While still in its (relative) infancy, Frieze New York is a major effing deal in the art world—and one of the few art fairs in which the emphasis remains on, well, the art, rather than vodka sponsors, as brilliantly pointed out by Style.com.
And so in the interest of looking the part as we navigate everything from the ferry over to Randall's Island to the lines for Dimes' chia seed pudding, we're going shopping. Essentially, we'll be doing our best impressions of a painfully cool gallerist the entire time. Let the games begin!
As far as great, art-influenced and culturally-relevant design goes, I kind of think J.W. Anderson wins. This dress takes a traditional pinstriped fabric and makes it ineffably cool: structural, yet easy-going and interesting. Want! Sophie Buhai, formerly of much-loved, now sadly defunct label Vena Cava, says her new jewelry line was inspired in part by Robert Mapplethorpe (always a good sign). I’m in love with her tubular silver choker: it’s like a sculpture for your neck, right? As for the chairs, I’m in the midst of Marie Kondo-ing my apartment and can’t wait to get rid of the terrible plastic chairs we’ve been using at our dining room table. I love these schoolhouse seats, built in Holland in the early ‘60s. The lines and proportions are pretty perfect—as in the perfect excuse for me to redo the rest of the house.
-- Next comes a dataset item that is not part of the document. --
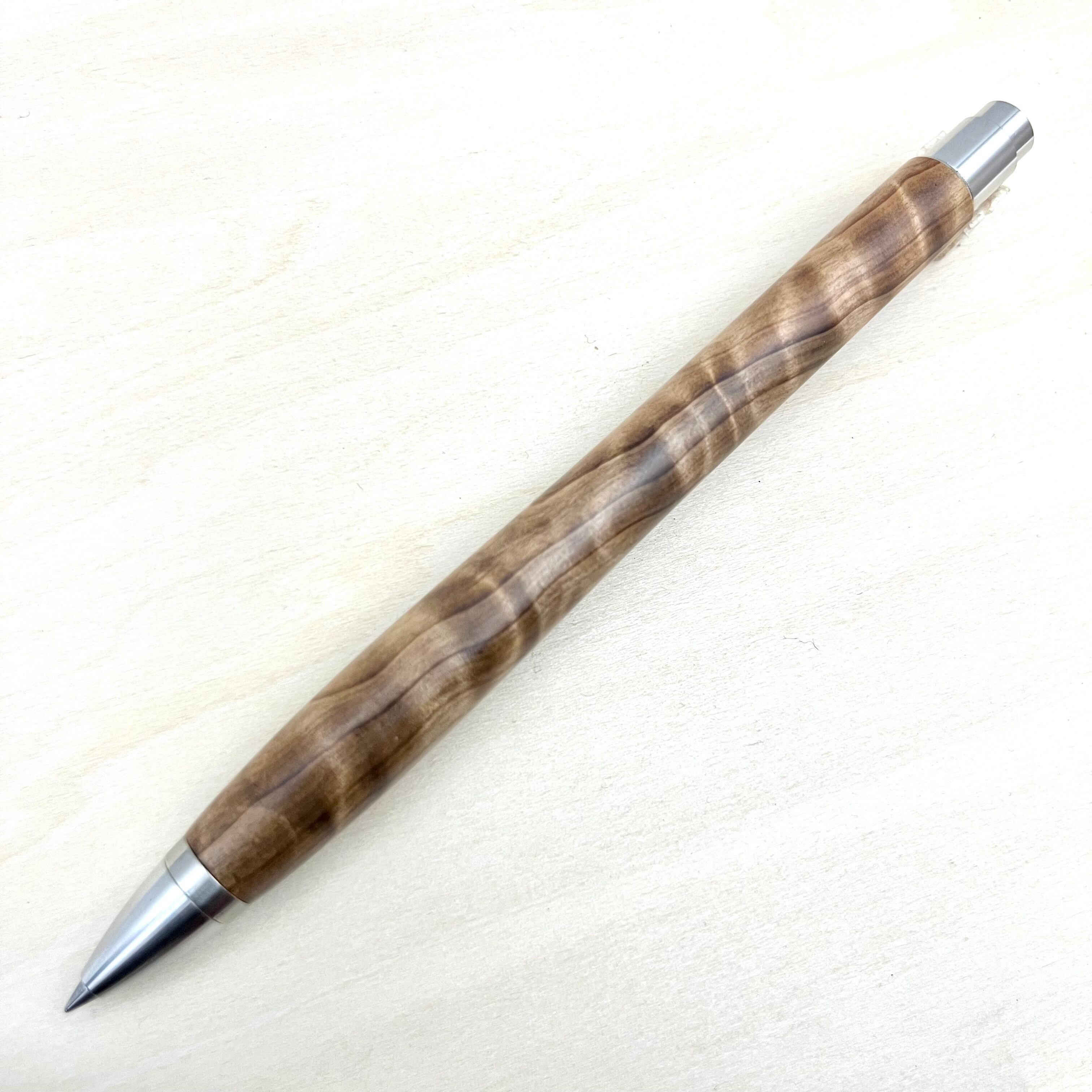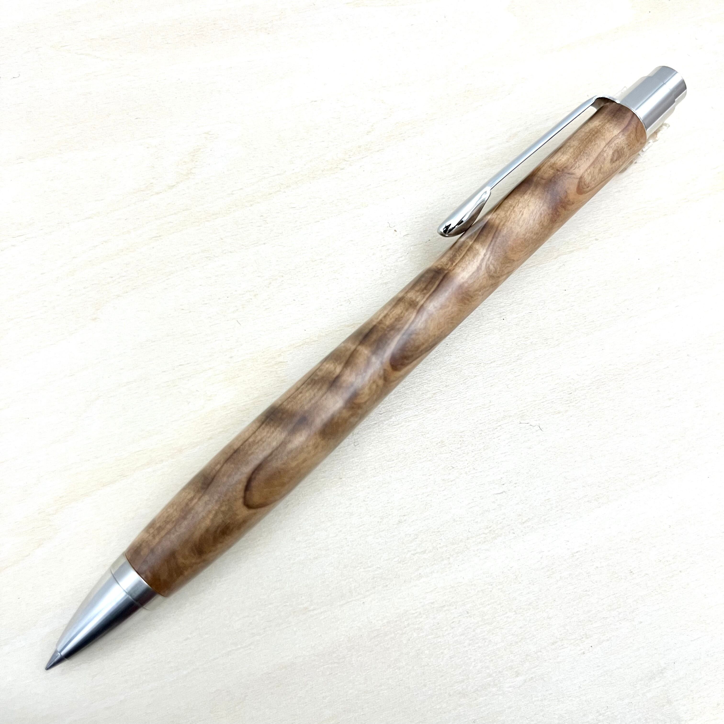 ボールペンのノックシステムは、ドイツ最高のクリックメカニズムを採用してあります。このメカニズムはユニークな機構のため、クリックしたときのカチカチ音が静かで、どんな場所でも気兼ねなく使うことができます。滑らかに動くこのプッシュ感覚を一度味わうと他には戻れなくなってしまうほどの魅力があります。 100分の1単位の加工精度で削り出されたペン先は、軸ブレも全くありません。

I never really understood how a perfectly eclectic gallery wall ever comes to be (even with too many hours I’d ever like to admit on Pinterest). I imagine mine to be made up of ornate, gilded antique-framed floral still-lifes. But since I have yet to commit (choosing art is hard, people), I’ll go with this Dolce & Gabbana skirt, which reminds me of the oil painted roses I have in mind. The other thing about art is that it’s really, really expensive. So these earrings are perfectly fitting, right? They’re nature’s art? Okay, so I just think they’re pretty. You know what’s also pretty and art-y? This plate. And it’s only $16. I’ll take it.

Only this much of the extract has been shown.